Il a pris une série de mesures administratives pour tenter de maintenir l’unité du PS, malgré le fait que de nombreux dirigeants du PS soutiennent Macron. Il a retiré le statut de membre du Bureau national à ceux qui appellent à voter Macron ; interdit une double appartenance au PS et à En Marche ; interdit aux membres du PS de participer aux législatives avec le soutien d’En Marche ; retiré l’investiture du PS des candidats aux législatives qui ont adhéré à En Marche ; et menacé d’exclusion ceux qui se maintiendraient contre des candidats soutenus par le PS.

Ce sont là des positions qui lui laissent le plus de marge de manœuvre possible, mais qui ne le forcent pas à exclure les dirigeants.

France24 a commenté : « Obligé de soutenir officiellement Benoît Hamon malgré ses propres

réserves […] il n’a que des mauvaises solutions à sa disposition. Ne pas sanctionner les soutiens de Macron lui attirerait les foudres des hamonistes. Mais jouer la carte de la fermeté lui ferait prendre le risque de diviser à jamais le parti qu’il dirige. »

Déjà Jean-Yves Le Drian, ministre de la défense, et Ségolène Royal, ministre de l’écologie et ex-candidate présidentielle PS, ainsi que l’ex-maire PS de Paris Bernard Delanoë, ont rejoint Macron.

L’ancien Premier ministre de François Hollande, Manuel Valls, a annoncé son soutien à Emmanuel Macron en déclarant mi-mars : « Je ne quitte pas le PS mais donner mon parrainage à Hamon serait incompréhensible pour les Français ». Il a réaffirmé son choix le 29 mars : « Non, je ne voterai pas pour Benoît Hamon. Cette élection présidentielle est folle et inédite et traduit une décomposition de la vie politique […] Oui, je voterai pour Emmanuel Macron. »

Toutefois, Cambadélis a affirmé vendredi que la circonscription de Valls lui serait toujours réservée s’il voulait se présenter aux élections législatives en juin et qu’il ne savait pas si Valls avait rejoint En Marche ou voulait briguer le siège sous son étiquette.

Seize membres du gouvernement ont déjà été investis pour les législatives, dont Myriam El Khomri (Paris, 18) qui a mené la charge de la Loi travail pour le gouvernement. Plusieurs circonscriptions de ministres sortants ont été réservées en attente de leur décision de se présenter à nouveau ou non. C’est le cas, notamment, de Manuel Valls dans la circonscription de l’Essonne ou de Michel Sapin, ministre de l’économie, dans la 1ʳᵉ circonscription de l’Indre.

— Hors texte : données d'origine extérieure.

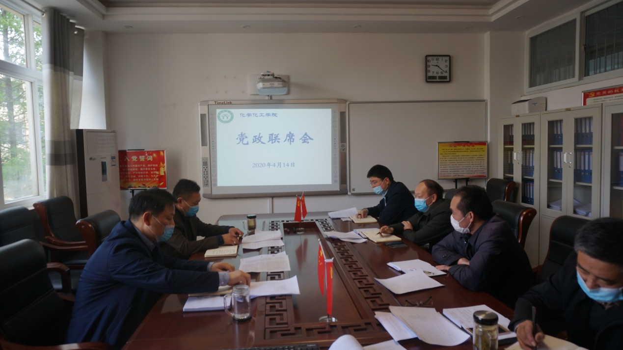 4月14日上午,ok138cn太阳集团529新学期党政联席会议在化学实验楼313会议室召开。全体党政班子成员参加了会议,会议由学院党委书记郭鹏主持。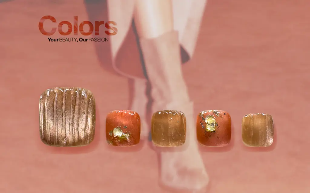 This design features the “Baccarat Nail,” creating dimension by layering light. A delicate brown gradient is topped with gold, expressing a glass-like depth. The shine, which changes with the angle, adds warmth and elegant glamour to your feet.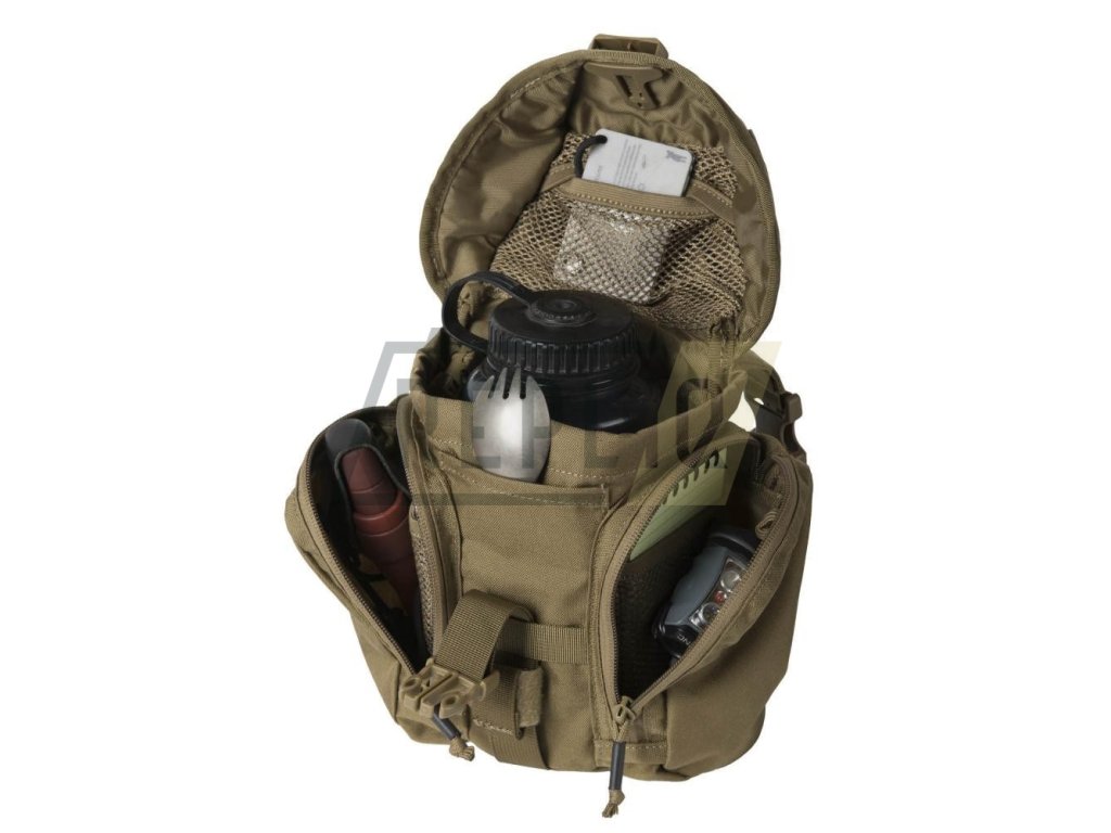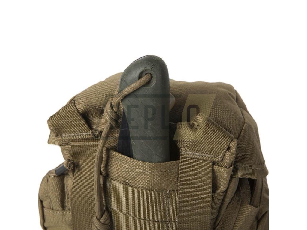 Hlavní kapsa má v horní obrubě provléknutou pruženku, můžete ji tak stáhnout podle potřeby. Hlavní kapsa pojme většinu lahví o objemu 1 litr včetně odpovídajícího hrnku/pítka (Nalgena, US pítko). Na zadní straně je umístěna plochá kapsa, do které můžete umístit třeba skládací vařič typu postýlka. Ve vnitřní části víka najdete další plochou síťovanou kapsu, ideální např. pro uložení tablet na čištění vody.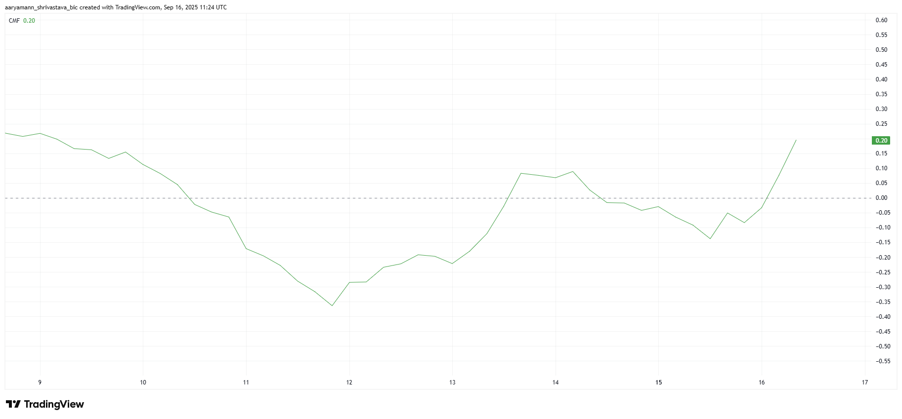 Chaikin 资金流量指标(CMF)反映出投资者对 Somnia 的乐观情绪正在增长。该指标衡量资金流入和流出情况,近期持续上升,表明流入该资产的资金多于流出的资金。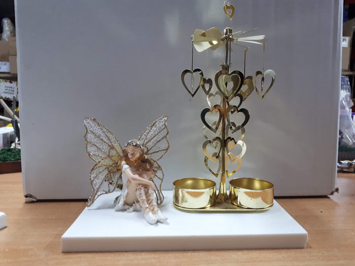 קרוסלה בזהב על בסיס שיש לבן עם פייה יושבת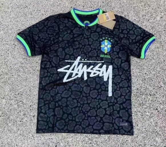 Stussy Brasil Collection Black Streetwear Athletic Jersey. A deep black base features an all-over subtle camouflage pattern for understated coolness, while contrasting green and blue ribbing at the collar and cuffs inject vibrant details. The bold white Stussy handwritten graffiti logo on the chest boldly declares the brand’s attitude, and the “BRASIL” lettering on the left sleeve patch echoes the collection’s theme. Classic brand elements are subtly hidden within the camouflage pattern, revealing thoughtful design in the details. Crafted from breathable, quick-dry athletic fabric, it balances comfort with streetwear style, effortlessly transitioning from daily outings to fashion gatherings. As a creative fusion of Stussy and football culture, this jersey’s unique design and retro athletic aesthetic have made it a coveted staple in streetwear enthusiasts’ wardrobes, maintaining high visibility within the fashion scene.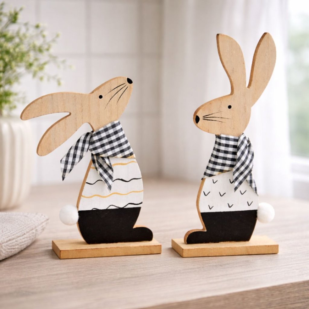 - Jemná velikonoční dekorace, která působí hravě a přitom klidně. Přírodní dřevo v kombinaci s látkovým šátkem krásně doplní jarní výzdobu na stole, parapetu i polici.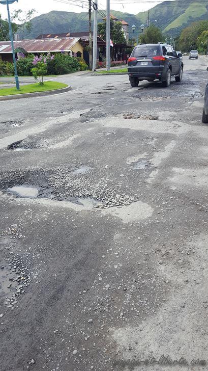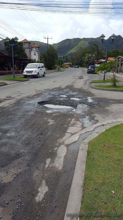 Pfff … je ne sais pas si c’est la malédiction du vendredi 13 qui nous poursuit, mais nous arrivons sous la pluie et le brouillard à El Valle. La route qui permet d’y accéder, tout comme son axe central, sont littéralement défoncés. A tel point que je finis par me demander si les voies n’ont pas été canardées à coups de mortiers : le goudron est entièrement parsemé de profonds trous…

Corinne Narassiguin, porte-parole du PS, a indiqué à l’issue du bureau national de jeudi, que « plusieurs dizaines d’élus » ont parrainé Emmanuel Macron, et « quelques autres dizaines » ont appelé à voter en sa faveur.

La mue qu’opèrent les dirigeants du PS en s’orientant vers Macron soulève de profondes questions politiques et historiques. Macron est ouvertement pro-capitaliste, et En Marche rompt avec toutes les velléités de socialisme faussement affichées par le PS depuis sa fondation par François Mitterrand en 1971 pour mieux cacher la nature pro-capitaliste de ce parti du grand patronat violemment anticommuniste et anti-ouvrier.

L’orientation du PS vers Macron reflète les positions de Valls, qui déclarait en 2008 : « Parti socialiste, c’est daté. Ça ne signifie plus rien », traitant le socialisme d'« utopie inventée contre le capitalisme du 19 siècle ».